Читаем Деконструкция: тексты и интерпретация полностью

В связи с этим сам зачин деконструктивистской истории письменности не может не быть весьма оригинальным, что и подтверждает Деррида своей главой «История и системы письменности» в «Грамматологии». То, что предпосылает деконструкция конкретному анализу истории письменности, ее «умозрительное» представление об эволюции письменности, выглядит, по Деррида, следующим образом: «История письменности должна как бы располагаться, циркулировать между двумя эпохами универсальной письменности, между двумя универсальными письменностями как таковыми, между двумя грандиозными упрощениями, доходящими до наивности, между двумя формами прозрачности и единоголосия: абсолютной пиктографией, дублирующей тотальность природного целого в его необузданном потреблении/поедании означающих, удваивающей естественный мир в бесконечном множестве означений, и абсолютной формальностью графемы, сводящей все траты, все расходы по означению почти к нулю.
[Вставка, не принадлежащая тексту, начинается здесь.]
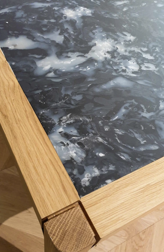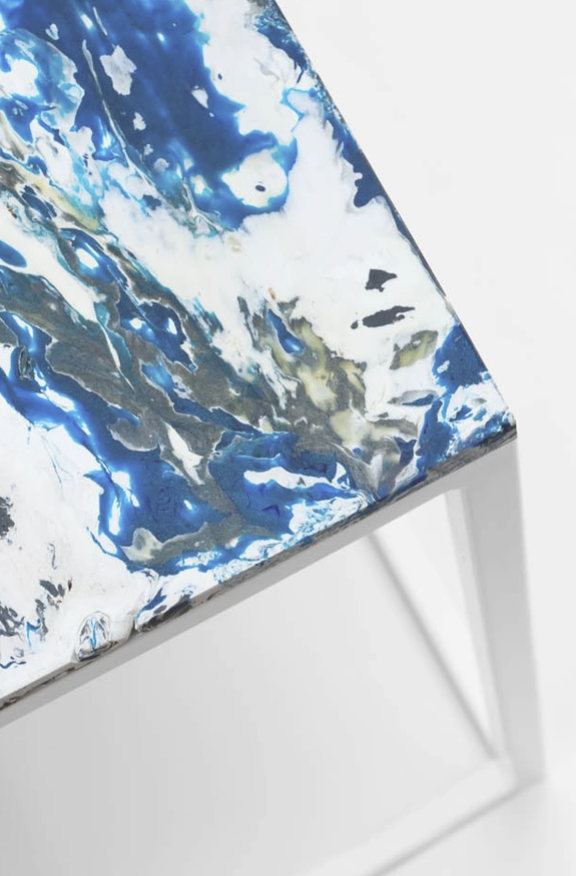 Son application dans les domaines du mobilier, de l'architecture d'intérieur et de la scénographie nous est alors apparue comme une évidence. Nos plaques uniques peuvent ainsi composer parmi d'autres utilisations : des tables, plans de travail ou encore revêtements. Ceci afin de redonner fonction et esthétisme à cette matière devenu inutile et encombrante.
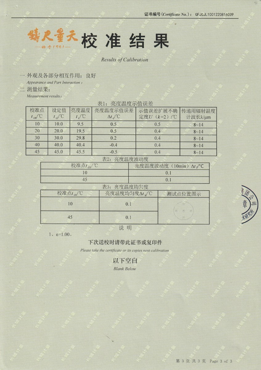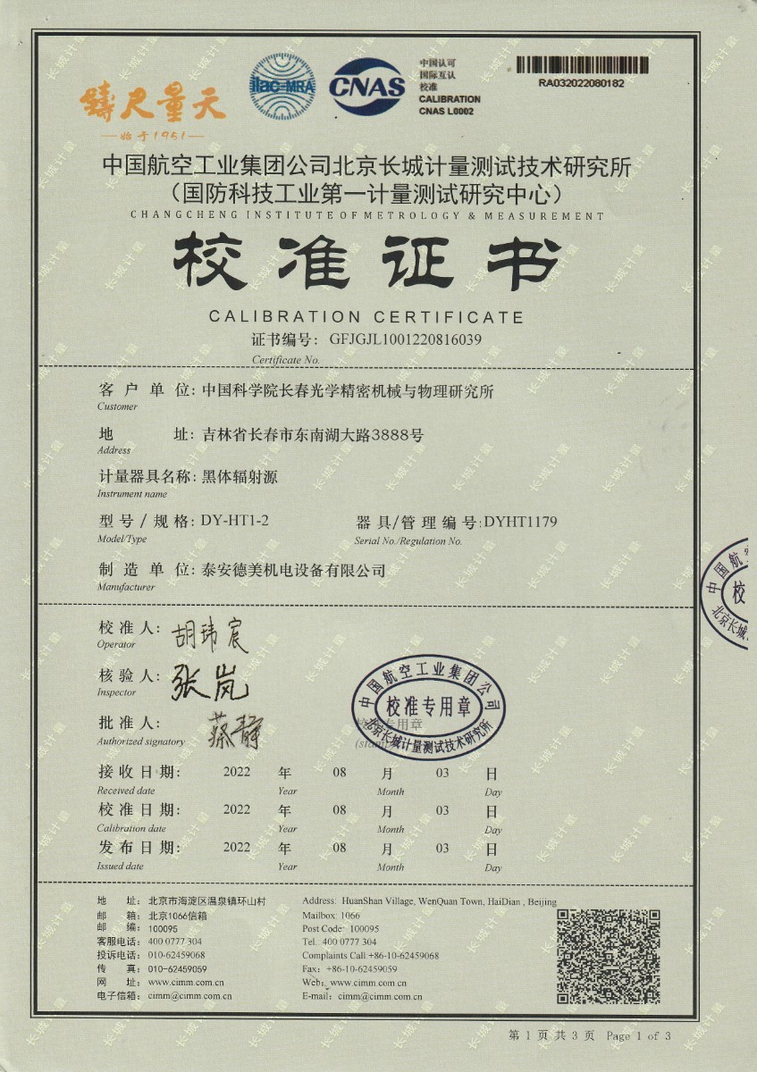 | 上一條:中國(guó)科學(xué)院長(zhǎng)春光學(xué)精密機(jī)械與物理研究所-黑體爐DY-HT1-1 | 下一條:便攜式干體爐(-30-150℃)校準(zhǔn)證書 |
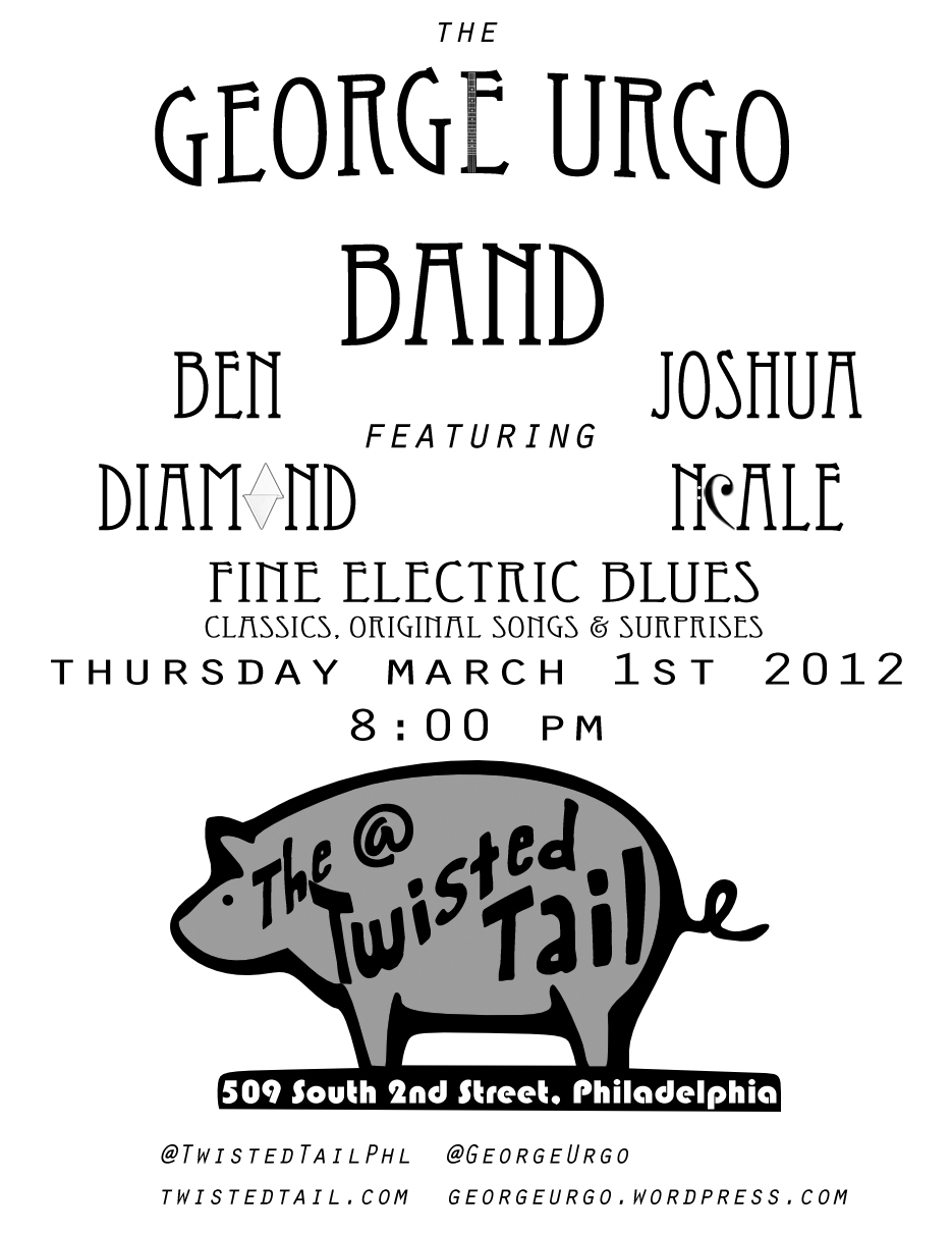 The Twisted Tail, March 1st! Posted on February 21, 2012 by George Urgo No Cover! Come hang out with us! Share this: Click to share on X (Opens in new window) X Click to share on Facebook (Opens in new window) Facebook Like Loading... Related
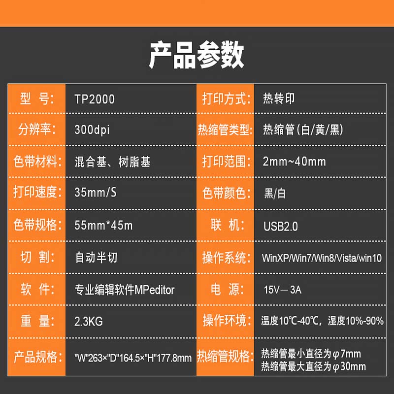 Master's TP2000 wide Bluetooth thermal shrink tube printer Automatic full-cut thermal transfer stroking machine φ 7-3 0 mm

История письменности и знания — можно было бы сказать, что и история как таковая — не может существовать иначе, кроме как между этими двумя полюсами. И поскольку история мыслима не иначе как располагающаяся между этими двумя полюсами, невозможно дисквалифицировать мифологию универсальной письменности — пиктографию и алгебру — без того, чтобы не подвергать опасности сам концепт истории как таковой»  [207].

То, что происходит (или должно происходить, учитывая нормативный характер этого высказывания) со знаком в исторической эволюции письменности, представляет собой движение от означающего к означаемому/значению, которое представляет собой движение фонологизации письменности. Применительно к значению, производимому письменностью, это находит свое отражение в особенностях процесса формирования знака, выноса им в мир того, для чего он, как представляется, функционирует, — значения. То, что выносится в мир в качестве значения в рамках логоцентристской культуры, есть уже не просто значение, но значение самого себя, значение–как–самое–себя (как Логос). Эта особенность не могла остаться незамеченной в западной культуре и нашла свое отражение в концептеtechné, предложенном еще античной философией.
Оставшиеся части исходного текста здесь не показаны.